INSTRUCTIONS TO FOLLOW |
Leave out the pictures and set down the rest of the listing below word for word.

SUPPLIED INFORMATION |
↓↓↓

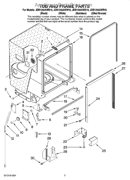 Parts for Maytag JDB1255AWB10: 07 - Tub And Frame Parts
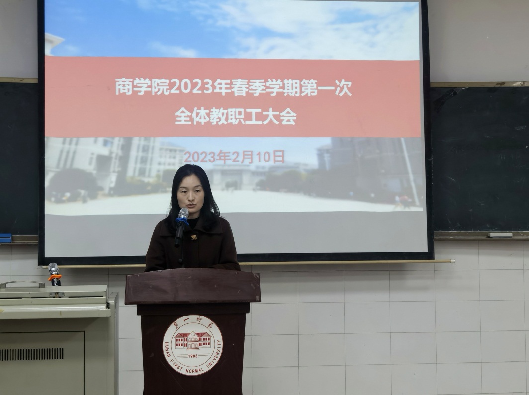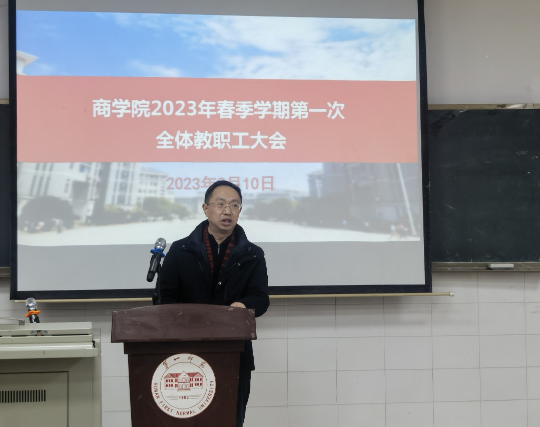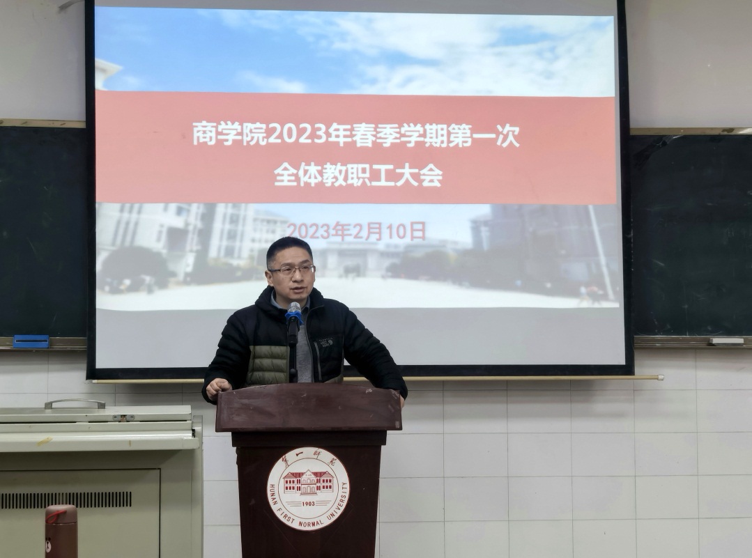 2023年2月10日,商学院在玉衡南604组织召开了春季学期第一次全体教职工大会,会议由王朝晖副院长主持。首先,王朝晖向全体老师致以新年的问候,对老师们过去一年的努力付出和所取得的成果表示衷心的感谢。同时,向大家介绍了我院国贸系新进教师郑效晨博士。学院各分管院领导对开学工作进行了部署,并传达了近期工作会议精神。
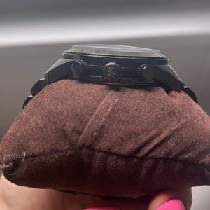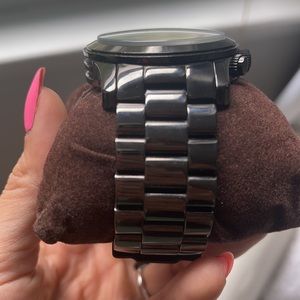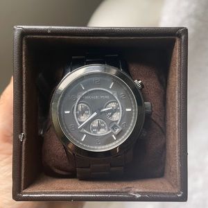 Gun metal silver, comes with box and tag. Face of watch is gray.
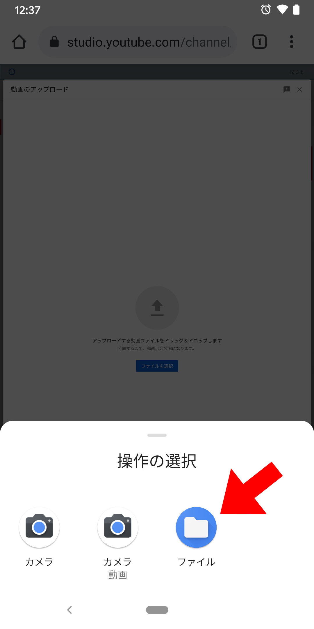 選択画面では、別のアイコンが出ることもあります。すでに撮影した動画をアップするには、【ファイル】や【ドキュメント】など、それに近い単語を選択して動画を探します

↑↑↑

ANSWER SPACE |
 Parts for Maytag JDB1255AWB10: 07 - Tub And Frame Parts
 2023年2月10日,商学院在玉衡南604组织召开了春季学期第一次全体教职工大会,会议由王朝晖副院长主持。首先,王朝晖向全体老师致以新年的问候,对老师们过去一年的努力付出和所取得的成果表示衷心的感谢。同时,向大家介绍了我院国贸系新进教师郑效晨博士。学院各分管院领导对开学工作进行了部署,并传达了近期工作会议精神。
 Gun metal silver, comes with box and tag. Face of watch is gray.
 選択画面では、別のアイコンが出ることもあります。すでに撮影した動画をアップするには、【ファイル】や【ドキュメント】など、それに近い単語を選択して動画を探します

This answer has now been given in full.